YOUR INSTRUCTIONS – Restate exactly the lines that run from the start of the records below to the line containing "當(dāng)Linux內(nèi)核啟", counting both ends, and nothing else; pictures stay out.

Recorded data
== Segment start ==

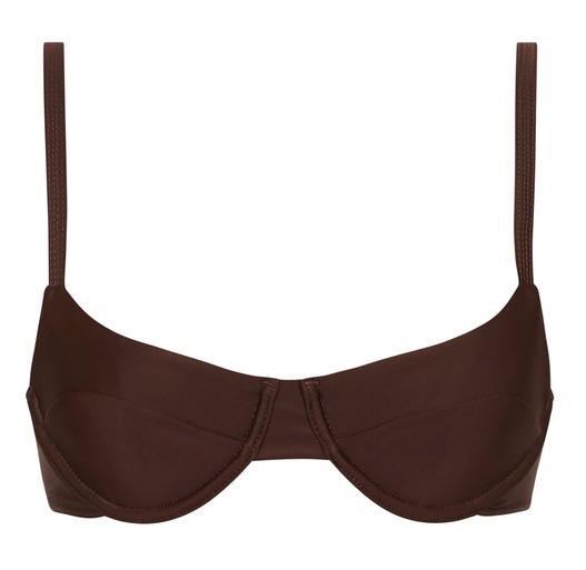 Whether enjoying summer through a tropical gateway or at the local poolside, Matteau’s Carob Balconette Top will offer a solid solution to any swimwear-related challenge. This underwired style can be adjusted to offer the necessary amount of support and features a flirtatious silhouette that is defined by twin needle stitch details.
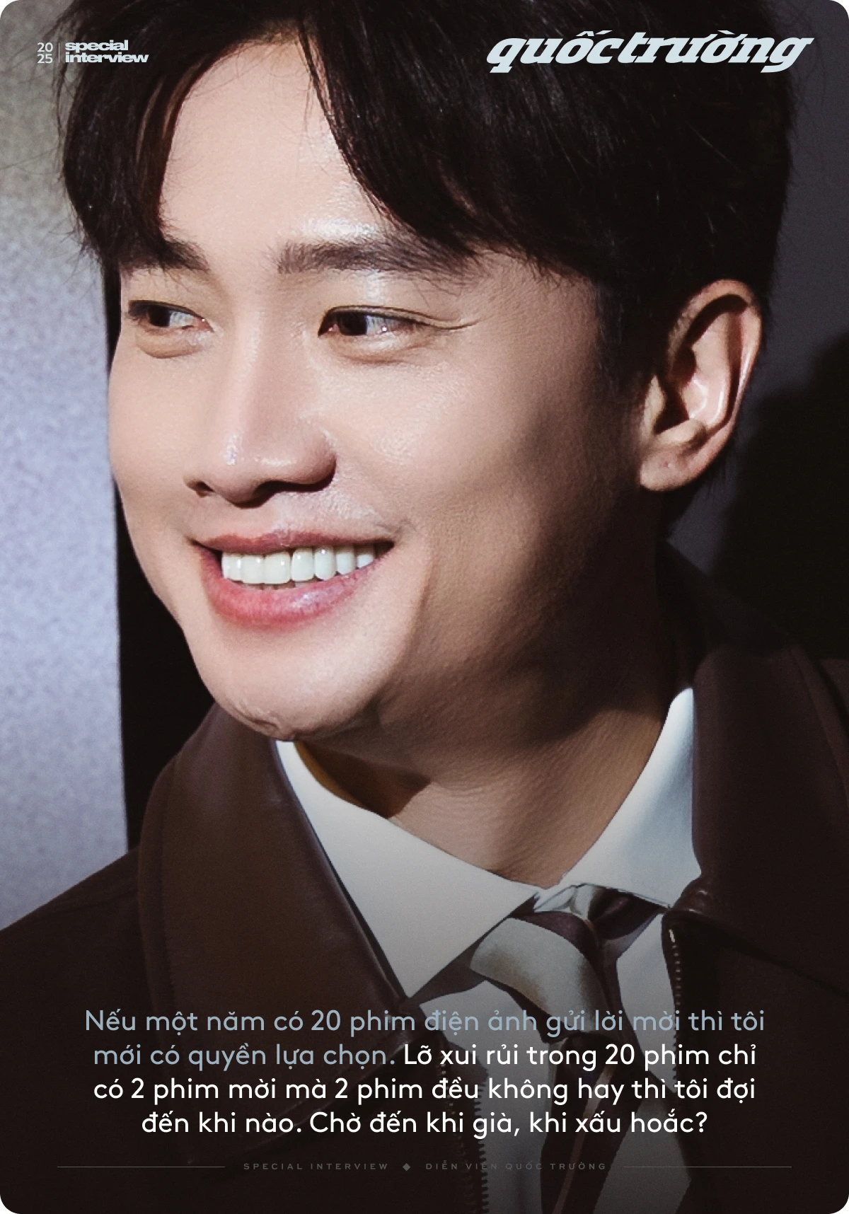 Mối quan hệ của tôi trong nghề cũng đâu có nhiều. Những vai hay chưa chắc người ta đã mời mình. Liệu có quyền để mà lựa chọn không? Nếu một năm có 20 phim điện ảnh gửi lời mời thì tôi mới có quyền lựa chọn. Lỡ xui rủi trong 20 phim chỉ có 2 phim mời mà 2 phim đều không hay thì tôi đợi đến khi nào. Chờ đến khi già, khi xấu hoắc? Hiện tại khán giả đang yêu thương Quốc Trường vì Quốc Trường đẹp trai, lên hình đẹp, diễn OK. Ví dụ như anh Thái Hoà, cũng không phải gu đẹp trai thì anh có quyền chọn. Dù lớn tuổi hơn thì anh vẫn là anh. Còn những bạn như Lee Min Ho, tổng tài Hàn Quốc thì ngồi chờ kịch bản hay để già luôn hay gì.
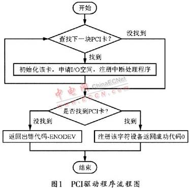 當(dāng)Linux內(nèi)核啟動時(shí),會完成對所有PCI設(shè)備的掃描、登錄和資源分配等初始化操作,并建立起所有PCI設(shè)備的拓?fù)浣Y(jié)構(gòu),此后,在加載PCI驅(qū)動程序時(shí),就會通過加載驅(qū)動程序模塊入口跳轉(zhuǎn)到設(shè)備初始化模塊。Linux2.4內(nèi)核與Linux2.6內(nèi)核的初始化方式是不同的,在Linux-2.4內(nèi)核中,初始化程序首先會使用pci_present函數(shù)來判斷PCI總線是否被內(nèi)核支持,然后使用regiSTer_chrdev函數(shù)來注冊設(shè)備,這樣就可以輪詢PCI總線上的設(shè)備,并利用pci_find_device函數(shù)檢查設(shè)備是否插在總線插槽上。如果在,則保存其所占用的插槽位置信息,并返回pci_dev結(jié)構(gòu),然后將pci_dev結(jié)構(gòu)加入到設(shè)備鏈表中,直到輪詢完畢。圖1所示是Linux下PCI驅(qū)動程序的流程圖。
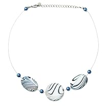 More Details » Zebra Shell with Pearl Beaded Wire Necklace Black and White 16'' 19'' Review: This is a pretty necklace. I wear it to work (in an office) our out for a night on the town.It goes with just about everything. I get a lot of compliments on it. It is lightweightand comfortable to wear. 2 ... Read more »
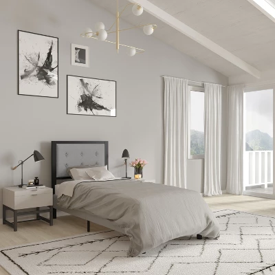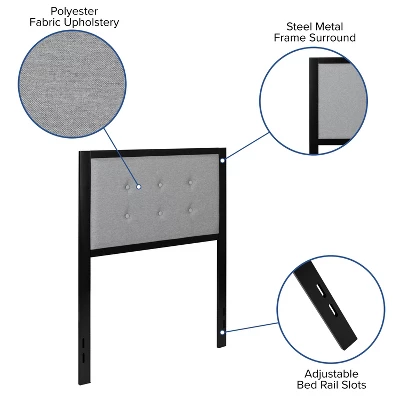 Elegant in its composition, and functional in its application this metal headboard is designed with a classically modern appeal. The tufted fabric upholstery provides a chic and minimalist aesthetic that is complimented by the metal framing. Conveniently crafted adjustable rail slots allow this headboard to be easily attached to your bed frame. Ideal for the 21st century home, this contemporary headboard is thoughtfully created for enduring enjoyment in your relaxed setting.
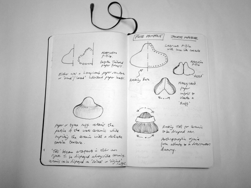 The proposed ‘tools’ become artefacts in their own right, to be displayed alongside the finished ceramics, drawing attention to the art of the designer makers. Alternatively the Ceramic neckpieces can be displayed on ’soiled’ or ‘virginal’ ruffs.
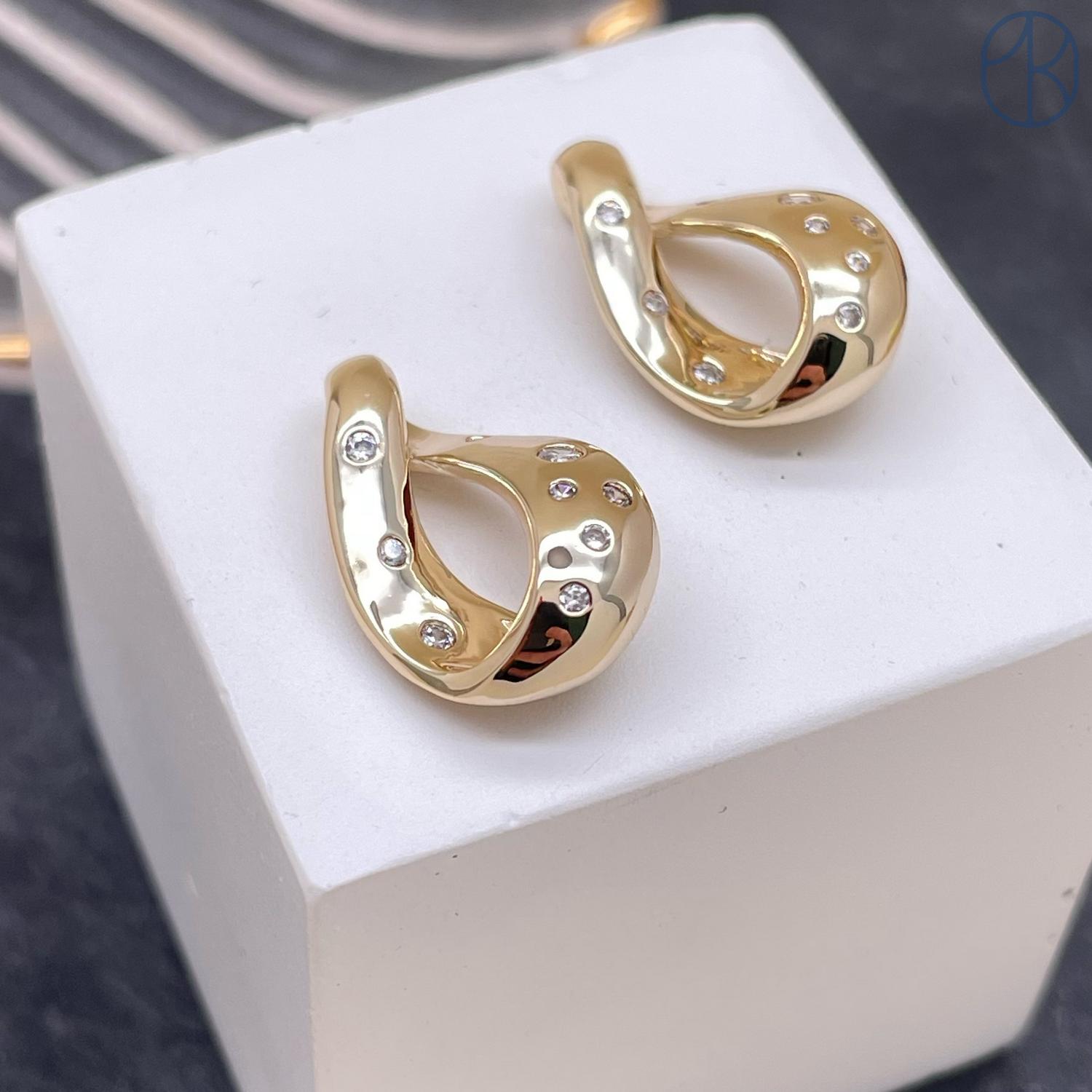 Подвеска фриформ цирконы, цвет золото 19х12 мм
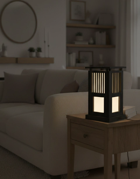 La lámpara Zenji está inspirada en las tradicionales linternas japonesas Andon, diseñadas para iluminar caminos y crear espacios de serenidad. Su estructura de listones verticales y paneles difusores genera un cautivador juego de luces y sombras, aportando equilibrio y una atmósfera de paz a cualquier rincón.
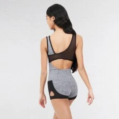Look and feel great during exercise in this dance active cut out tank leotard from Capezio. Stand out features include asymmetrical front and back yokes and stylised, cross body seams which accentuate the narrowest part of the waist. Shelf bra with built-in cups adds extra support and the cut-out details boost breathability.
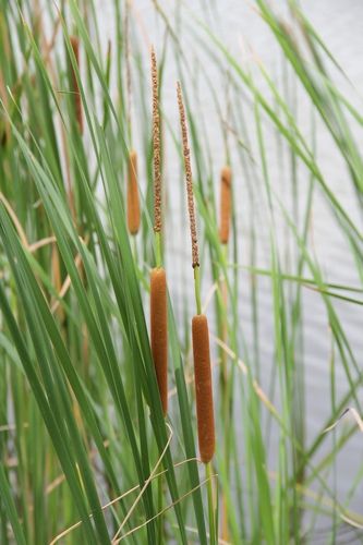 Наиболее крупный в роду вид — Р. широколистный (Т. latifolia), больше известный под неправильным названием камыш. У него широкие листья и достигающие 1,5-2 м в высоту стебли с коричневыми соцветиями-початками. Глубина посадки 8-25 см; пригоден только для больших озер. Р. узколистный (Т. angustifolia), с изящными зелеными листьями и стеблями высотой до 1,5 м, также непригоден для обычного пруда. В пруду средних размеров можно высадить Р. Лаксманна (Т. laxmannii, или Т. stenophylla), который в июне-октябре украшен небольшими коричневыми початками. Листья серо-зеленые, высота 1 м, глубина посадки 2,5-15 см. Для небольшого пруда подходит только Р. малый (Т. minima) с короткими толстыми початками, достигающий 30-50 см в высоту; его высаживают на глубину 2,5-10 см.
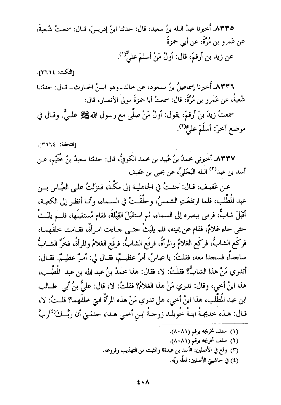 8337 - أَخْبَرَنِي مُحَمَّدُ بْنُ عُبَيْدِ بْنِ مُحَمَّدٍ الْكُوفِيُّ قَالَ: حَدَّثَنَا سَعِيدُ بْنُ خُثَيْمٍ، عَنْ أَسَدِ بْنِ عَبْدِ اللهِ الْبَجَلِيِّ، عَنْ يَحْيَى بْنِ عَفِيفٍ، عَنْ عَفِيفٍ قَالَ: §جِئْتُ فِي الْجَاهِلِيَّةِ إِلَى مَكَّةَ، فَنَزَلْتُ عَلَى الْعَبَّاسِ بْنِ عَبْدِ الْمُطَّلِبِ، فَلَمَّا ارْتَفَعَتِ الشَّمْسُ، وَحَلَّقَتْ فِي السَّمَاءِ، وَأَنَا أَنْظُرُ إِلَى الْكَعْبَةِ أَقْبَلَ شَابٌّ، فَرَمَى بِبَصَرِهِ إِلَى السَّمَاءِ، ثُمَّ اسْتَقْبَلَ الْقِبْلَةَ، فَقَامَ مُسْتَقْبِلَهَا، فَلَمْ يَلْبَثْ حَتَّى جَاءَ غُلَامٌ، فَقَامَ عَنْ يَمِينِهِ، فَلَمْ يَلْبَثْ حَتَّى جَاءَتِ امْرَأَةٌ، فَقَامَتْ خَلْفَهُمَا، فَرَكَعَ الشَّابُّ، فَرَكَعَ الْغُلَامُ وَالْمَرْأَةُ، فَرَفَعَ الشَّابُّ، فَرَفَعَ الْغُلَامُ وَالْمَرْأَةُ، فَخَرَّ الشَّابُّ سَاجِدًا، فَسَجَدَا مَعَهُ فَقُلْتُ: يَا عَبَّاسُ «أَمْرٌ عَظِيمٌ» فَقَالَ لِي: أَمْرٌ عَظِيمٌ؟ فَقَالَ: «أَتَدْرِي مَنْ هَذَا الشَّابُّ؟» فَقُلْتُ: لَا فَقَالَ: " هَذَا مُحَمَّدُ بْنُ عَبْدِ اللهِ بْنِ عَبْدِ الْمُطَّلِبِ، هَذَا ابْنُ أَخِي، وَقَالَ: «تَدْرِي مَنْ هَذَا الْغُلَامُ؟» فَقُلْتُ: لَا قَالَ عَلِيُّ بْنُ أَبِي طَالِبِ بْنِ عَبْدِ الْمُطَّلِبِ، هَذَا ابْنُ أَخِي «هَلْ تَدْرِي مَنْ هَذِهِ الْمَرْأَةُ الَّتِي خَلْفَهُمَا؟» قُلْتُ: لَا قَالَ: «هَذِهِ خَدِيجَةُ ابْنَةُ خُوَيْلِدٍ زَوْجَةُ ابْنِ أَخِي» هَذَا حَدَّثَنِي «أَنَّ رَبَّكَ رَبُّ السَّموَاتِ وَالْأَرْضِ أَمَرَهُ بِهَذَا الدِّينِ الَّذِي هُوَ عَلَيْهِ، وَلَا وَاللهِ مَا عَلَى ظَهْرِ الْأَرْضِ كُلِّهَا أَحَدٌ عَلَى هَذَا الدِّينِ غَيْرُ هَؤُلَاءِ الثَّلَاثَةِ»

== Segment end ==

REPLY TO THE EXERCISE –
 Whether enjoying summer through a tropical gateway or at the local poolside, Matteau’s Carob Balconette Top will offer a solid solution to any swimwear-related challenge. This underwired style can be adjusted to offer the necessary amount of support and features a flirtatious silhouette that is defined by twin needle stitch details.
 Mối quan hệ của tôi trong nghề cũng đâu có nhiều. Những vai hay chưa chắc người ta đã mời mình. Liệu có quyền để mà lựa chọn không? Nếu một năm có 20 phim điện ảnh gửi lời mời thì tôi mới có quyền lựa chọn. Lỡ xui rủi trong 20 phim chỉ có 2 phim mời mà 2 phim đều không hay thì tôi đợi đến khi nào. Chờ đến khi già, khi xấu hoắc? Hiện tại khán giả đang yêu thương Quốc Trường vì Quốc Trường đẹp trai, lên hình đẹp, diễn OK. Ví dụ như anh Thái Hoà, cũng không phải gu đẹp trai thì anh có quyền chọn. Dù lớn tuổi hơn thì anh vẫn là anh. Còn những bạn như Lee Min Ho, tổng tài Hàn Quốc thì ngồi chờ kịch bản hay để già luôn hay gì.
 當(dāng)Linux內(nèi)核啟動時(shí),會完成對所有PCI設(shè)備的掃描、登錄和資源分配等初始化操作,并建立起所有PCI設(shè)備的拓?fù)浣Y(jié)構(gòu),此后,在加載PCI驅(qū)動程序時(shí),就會通過加載驅(qū)動程序模塊入口跳轉(zhuǎn)到設(shè)備初始化模塊。Linux2.4內(nèi)核與Linux2.6內(nèi)核的初始化方式是不同的,在Linux-2.4內(nèi)核中,初始化程序首先會使用pci_present函數(shù)來判斷PCI總線是否被內(nèi)核支持,然后使用regiSTer_chrdev函數(shù)來注冊設(shè)備,這樣就可以輪詢PCI總線上的設(shè)備,并利用pci_find_device函數(shù)檢查設(shè)備是否插在總線插槽上。如果在,則保存其所占用的插槽位置信息,并返回pci_dev結(jié)構(gòu),然后將pci_dev結(jié)構(gòu)加入到設(shè)備鏈表中,直到輪詢完畢。圖1所示是Linux下PCI驅(qū)動程序的流程圖。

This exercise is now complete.